## Problem requirements
Whenever a line in this data holds the word "Honey", report that line in full.

## Given records
Segment Open

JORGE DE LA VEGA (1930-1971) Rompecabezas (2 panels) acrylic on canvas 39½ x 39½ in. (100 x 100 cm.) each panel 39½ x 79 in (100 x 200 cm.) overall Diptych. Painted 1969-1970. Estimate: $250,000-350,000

Segment Closed
Segment Open

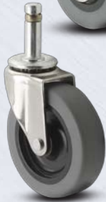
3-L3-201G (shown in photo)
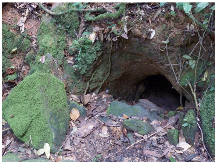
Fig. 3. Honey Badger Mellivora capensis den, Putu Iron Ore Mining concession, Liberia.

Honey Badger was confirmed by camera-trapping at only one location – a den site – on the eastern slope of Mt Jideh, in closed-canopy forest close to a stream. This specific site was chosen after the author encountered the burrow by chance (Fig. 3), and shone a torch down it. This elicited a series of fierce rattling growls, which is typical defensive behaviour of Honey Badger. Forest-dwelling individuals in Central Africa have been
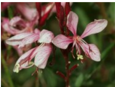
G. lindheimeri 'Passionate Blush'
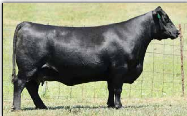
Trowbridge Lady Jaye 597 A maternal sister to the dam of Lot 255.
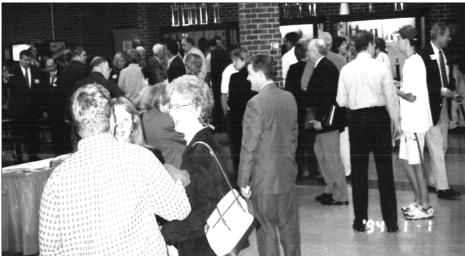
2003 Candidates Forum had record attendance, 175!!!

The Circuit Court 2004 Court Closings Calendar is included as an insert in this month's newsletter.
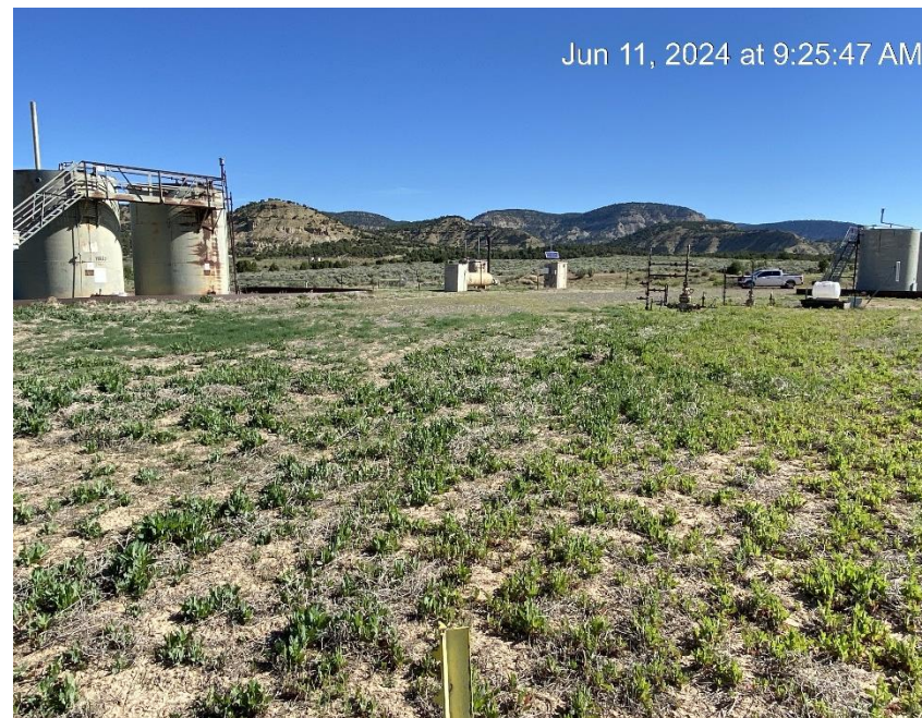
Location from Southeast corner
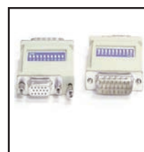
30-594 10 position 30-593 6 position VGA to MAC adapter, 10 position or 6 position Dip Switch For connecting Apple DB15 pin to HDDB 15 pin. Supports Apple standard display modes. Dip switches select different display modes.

Segment Closed
Segment Open

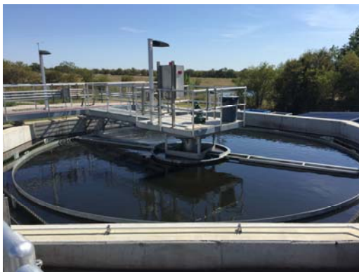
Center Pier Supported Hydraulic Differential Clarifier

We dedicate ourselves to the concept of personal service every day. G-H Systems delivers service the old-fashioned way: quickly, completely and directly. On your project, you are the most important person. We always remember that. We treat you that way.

Segment Closed

## Finished task
Fig. 3. Honey Badger Mellivora capensis den, Putu Iron Ore Mining concession, Liberia.
Honey Badger was confirmed by camera-trapping at only one location – a den site – on the eastern slope of Mt Jideh, in closed-canopy forest close to a stream. This specific site was chosen after the author encountered the burrow by chance (Fig. 3), and shone a torch down it. This elicited a series of fierce rattling growls, which is typical defensive behaviour of Honey Badger. Forest-dwelling individuals in Central Africa have been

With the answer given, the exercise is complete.